We are here to improve the lives of patients through innovative technologies. We're a rapidly growing inter-disciplinary team of professionals passionate about developing disruptive technologies that use the body’s immune response in order to empower physicians to make better informed decisions. Our first goal is to address one of the most frequent medical encounters – the fever encounter (www.me-med.com).

Who are we looking for?

If you're a highly motivated team player, with a passion for realizing game changing medical products that can impact patients, we would love to hear from you.

We are seeking a top notch experienced Clinical Research Associate to join our medical team and support MeMed’s clinical and medical activities.

Responsibilities include participating in various clinical studies aspects and supporting the day-to-day activities of the clinical team of the company.

We seek a team player that enjoys working in a dynamic and creative environment. The candidate needs to be detail oriented, possess problem solving capabilities and with superb communication skills.

Primary Job Responsibilities:

  • Participating in site selection, initiation, monitoring and close-out visits, plus maintaining appropriate documentation, in large multi-center studies both in Israel and abroad.
  • Maintaining day-to-day communication with different clinical site personnel
  • Manage protocol administrative related tasks and study training activities.
  • Evaluating the quality and integrity of site practices.
  • Managing progress by tracking regulatory submissions, recruitment, case report form (CRF) completion, and data query resolution.
  • Communicating with a variety of colleagues and customers.
  • Develop aids to allow sites to proceed expeditiously (e.g. newsletters, flow charts) and advance the program overall (metrics, monitoring tools).
  • Provide assistance with central and local IRB submissions, IRB status reports, and IRB modifications
  • Assist with preparations for FDA regulatory submissions.

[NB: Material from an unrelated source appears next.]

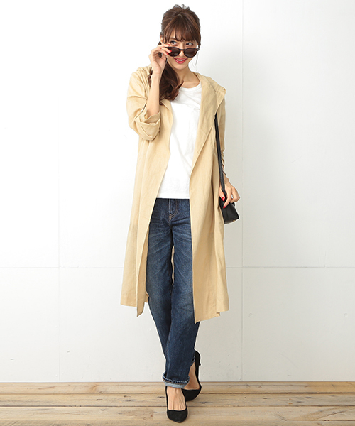 ◆16SSも気になる“ロング丈”アウター◆ 薄手のリネンで仕上げたフード付きガウン。程よい透け感がある見た目にも涼しげな1枚です。 いつものコーデにプラスするだけで、Iラインが強調されてスタイルアップ効果も。ショートボトムスを履いても、気になる後ろ脚をカバーしてくれます。 1枚持っていると、日焼け対策や冷房対策にも使える便利なアイテム。リゾートスタイルにも取り入れたい、この春一押しのアウターです。

* The above description is intended to describe the general nature of the job that may include other duties as assumed or assigned; it is not intended to be all inclusive or limit the duties of the position.

 Skills and Competencies:

  • Excellent organizational and planning skills
  • Detail oriented, with an ability to multitask and prioritize in a fast-paced environment
  • Good problem-solving abilities, flexibility, team player with excellent interpersonal and presentation skills
  • Proficient use of standard MS Office applications (Word, Excel and PowerPoint)
  • Excellent English proficiency (oral and written)
  • Availability to travel abroad

Education, Experience, and Training Requirements:

  • Sc. or higher qualification within Life Science, Pharmacology, or a relevant discipline.
  • At least 2 years as a CRA – including involvement in IRB submissions, monitoring and auditing of clinical trials.

Location & Travel:

MeMed is located at Haifa, Israel. The role Involves traveling to different sites.